What I love most about this recipe is its versatility. During the summer, when fresh coco beans are readily available, I shell them and add them directly to the curry. The result is a beautifully fresh and vibrant dish. However, during the colder months, I happily use dried cannellini beans, soaking them overnight and pre-cooking them gently with a few herbs. This method ensures tender, flavorful beans every time. I often serve the curry just as it is, allowing the flavors to speak for themselves. But, sometimes, I'll add chunks of white fish for a heartier meal. The combination of the creamy beans, fragrant spices, and delicate fish is simply divine.

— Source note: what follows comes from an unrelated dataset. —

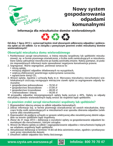 Nowy system gospodarowania odpadami komunalnymi Informacja dla mieszkańców domów wielorodzinnych Od dnia 1 lipca 2013 r. samorząd będzie miał obowiązek odbierania odpadów i pobierania opłat za ich odbiór. Co w związku z powyższym powinni zrobić mieszkańcy domów wielorodzinnych? Obowiązki mieszkańca domu wielorodzinnego 1. Poinformować zarząd nieruchomości, w której mieszka (wspólnoty lub spółdzielni mieszkaniowej), np. w formie pisemnego oświadczenia, o liczbie osób zamieszkujących w mieszkaniu. Dane należy uaktualniać niezwłocznie po każdej zaistniałej zmianie. Należy pamiętać, że podanie nieprawdziwych informacji może spowodować negatywne konsekwencje prawne. 2. Segregować. Warto segregować, ponieważ oznacza to: • niższą opłatę, • mniejszą objętość odpadów składowanych na wysypiskach, • większą efektywność powtórnego wykorzystania surowców, • ograniczenie emisji CO2. 3. Wnosić opłatę. Zgodnie z uchwałą Rady m.st. Warszawy mieszkańcy nieruchomości wielolokalowych uiszczają następujące miesięczne stawki opłat za segregowane odpady komunalne: • gospodarstwo jednoosobowe – 19,50 zł • gospodarstwo dwuosobowe – 37,00 zł • gospodarstwo trzyosobowe – 48,00 zł • czteroosobowe i więcej – 56,00 zł W przypadku odpadów niesegregowanych opłaty będą wyższe o 40%. Opłaty za odpady mieszkańcy domów wielorodzinnych będą wnosić do wspólnot bądź spółdzielni. Co powinien zrobić zarząd nieruchomości wspólnoty lub spółdzielni? 1. Wypowiedzieć obecną umowę na odbiór odpadów komunalnych. 2. Zebrać informacje (np. w formie pisemnego oświadczenia) od swoich mieszkańców, dotyczące liczby osób zamieszkujących w mieszkaniach oraz sposobu zbierania odpadów (selektywnie albo nieselektywnie). 3. Doprowadzić do podjęcia uchwały w sprawie selektywnej albo nieselektywnej zbiórki odpadów na terenie spółdzielni bądź wspólnoty. 4. Złożyć do 31 maja 2013 r. deklarację o wysokości opłaty za gospodarowanie odpadami komunalnymi dla nieruchomości, którymi zarządza. 5. Wnosić do Miasta opłatę za odbiór i zagospodarowanie odpadów z nieruchomości będących we władaniu wspólnoty bądź spółdzielni. 6. A ktualizować deklarację w terminie 14 dni od dnia zaistnienia zmian, zgodnie z przekazywanymi przez mieszkańców danymi. 7. Umożliwić odbiór odpadów bez limitu ilościowego. www.czysta.um.warszawa.pl Infolinia: 800 70 70 47 Jak segregować odpady? Czerwone worki SEGREGOWANE SUCHE TAK: papier, np. gazety, książki, katalogi, zeszyty, torby, worki, kartony i tektura pokryte folią aluminiową, opakowania po mleku, napojach, kosmetykach i środkach czystości; skóra, drobne wyroby, np. paski, torebki, rękawiczki, piłki; drewno, drobne wyroby, np. łyżki, zabawki, klocki, deski kuchenne; tworzywa sztuczne, np. zgniecione butelki po napojach, nakrętki z butelek, długopisy, linijki, opakowania po żywności (jogurtach, serkach, kefirach, margarynach), opakowania po środkach czystości, płyty CD; metal, np. puszki po napojach, konserwach, drobny złom żelazny i metali kolorowych, zabawki, nożyczki, kapsle, folia aluminiowa, garnki. NIE: papier tłusty i zabrudzony (np. opakowania po maśle, margarynie, twarogu), kalki, papier termiczny i faksowy, tapety, artykuły higieniczne (np. waciki, podpaski, pieluchy); opakowania z zawartością, butelki po olejach spożywczych i samochodowych, opakowania po olejach silnikowych, smarach, styropian, guma i produkty z gumy, puszki po farbach, baterie, opakowania po aerozolach, opakowania po środkach chwastobójczych i owadobójczych. PUNKTY SELEKTYWNEGO ZBIERANIA ODPADÓW KOMUNALNYCH TAK: elektrośmieci, np. sprzęt elektryczny i elektroniczny AGD i RTV, komputery, baterie, żarówki, akumulatory; tekstylia, np. ubrania, firanki, narzuty, ręczniki; leki; niebezpieczne odpady, np. farby, lakiery do paznokci, oleje silnikowe, termometry rtęciowe; odpady zielone; odpady budowlane i remontowe, np. wanny, umywalki, deski, płytki, grzejniki. ODPADY ZIELONE TAK: części roślin, np. liście, połamane gałęzie. www.czysta.um.warszawa.pl Zielone worki SZKŁO OPAKOWANIOWE TAK: szklane opakowania, np. butelki i słoiki po napojach, żywności, kosmetykach. NIE: żarówki, lampy neonowe, fluorescencyjne i rtęciowe, termometry rtęciowe, reflektory, szkło stołowe, okularowe, żaroodporne, ekrany i lampy telewizyjne, lustra, szyby samochodowe i okienne, porcelana i ceramika, doniczki. Pojemnik czarny/ciemnoszary albo oznakowany ODPADY ZMIESZANE TAK: wrzucamy wszystko to, czego nie możemy wrzucić do czerwonego i zielonego worka ani do kompostownika, czego nie musimy oddać do punktu selektywnej zbiórki, np. zabrudzone opakowania plastikowe, porcelanę, talerze, opakowania po dezodorantach, styropian opakowaniowy, guma, artykuły higieniczne (patyczki, wata, pieluchy, itp.), potłuczone szyby, szkło stołowe. NIE: odpady niebezpieczne, opakowania po lekach, leki, farby, oleje i ich opakowania, opakowania po środkach ochrony roślin, zużyty sprzęt elektryczny i elektroniczny (np. żarówki, lampy, kineskopy, świetlówki, baterie, akumulatory), sprzęt AGD i RTV, komputery, odpady wielkogabarytowe. ODPADY WIELKOGABARYTOWE TAK: meble, np. stoły, szafki, krzesła, kanapy, sprzęty domowe, np. dywany, wózki dziecięce, materace, rowery, zabawki dużych rozmiarów, duże szyby, lustra. NIE: materiały i odpady budowlane, remontowe, sanitarne, deski drewniane, panele, ramy okienne, drzwi, płoty, wanny, umywalki, muszle toaletowe, spłuczki, grzejniki, płytki, rolety, części samochodowe, motorowery, kosiarki, odpady ogrodowe. Infolinia: 800 70 70 47

The process of making this curry is incredibly therapeutic for me. The gentle act of sweating the onions, the rhythmic grinding of the spices in a mortar and pestle, and the careful addition of each ingredient feels almost meditative. It’s a chance to disconnect from the day’s stresses and focus on the creation of something delicious. The aroma that fills my kitchen while it simmers is intoxicating – a blend of earthy, spicy, and slightly sweet notes that promise a truly satisfying meal. And the best part? Clean-up is a breeze.

This isn't just a recipe; it's a little piece of culinary escapism in my busy life. It's a reminder to slow down, savor the moment, and appreciate the simple pleasures of creating something delicious and nourishing. The Wild Garlic and White Bean Curry is more than just food; it's a moment of peace and a testament to the power of simple ingredients to create extraordinary flavors. Whether it's a weeknight dinner or a special occasion, this dish always brings a touch of elegance and comfort to my table. And the compliments? Oh, the compliments are always worth the effort. I encourage everyone to try this recipe; it's a culinary adventure well worth undertaking.

Beyond the Recipe: I often find myself reflecting on the journey of this recipe. It's not just about the steps involved, but the memories associated with it. The quiet evenings spent in the kitchen, the shared meals with friends and family, and the simple satisfaction of creating something delicious from humble ingredients. Food, for me, is not just sustenance; it’s a way to connect with my heritage, express my creativity, and share joy with those I love. The Wild Garlic and White Bean Curry embodies all of that, and so much more.

I hope you enjoy this recipe as much as I do. It's a testament to the fact that sophisticated flavors can be created with relatively simple techniques. Let me know if you try it and how it turns out – I would love to hear your experience! Happy cooking!

Step-by-step

    • Heat the oil in a large heavy pan over medium-low heat and sweat the onions until soft and translucent.
    • In a separate pan, warm all the spice seeds until they release their fragrance and just begin to jump in the pan. Tip into a mortar and grind with the pestle while still warm.
    • Add the warm ground spices to the onions along with the chiles, curry leaves, lime leaves, and cilantro. Cook for another 5 minutes over fairly low heat, then add the garlic, jaggery, lime juice, and fish sauce. Stir well and cook for 5 minutes.
    • Add the tomatoes, stir well, and cook for another 10 minutes, then add the fresh or cooked dried beans and coconut milk. Cook gently for 10 to 15 minutes (or until the beans are tender if cooking fresh).
    • While the curry is cooking, wash the wild garlic very well, picking over each leaf thoroughly for they can carry little stones.
    • A couple of minutes before serving the curry, add the wild garlic and cook until it is just wilted and soft. Don't overcook it—wild garlic should be bright and vibrant. Taste and adjust the seasoning if necessary. This curry should be soft, fragrant, gently sweet, sharp, and salty, with just enough heat to warm you.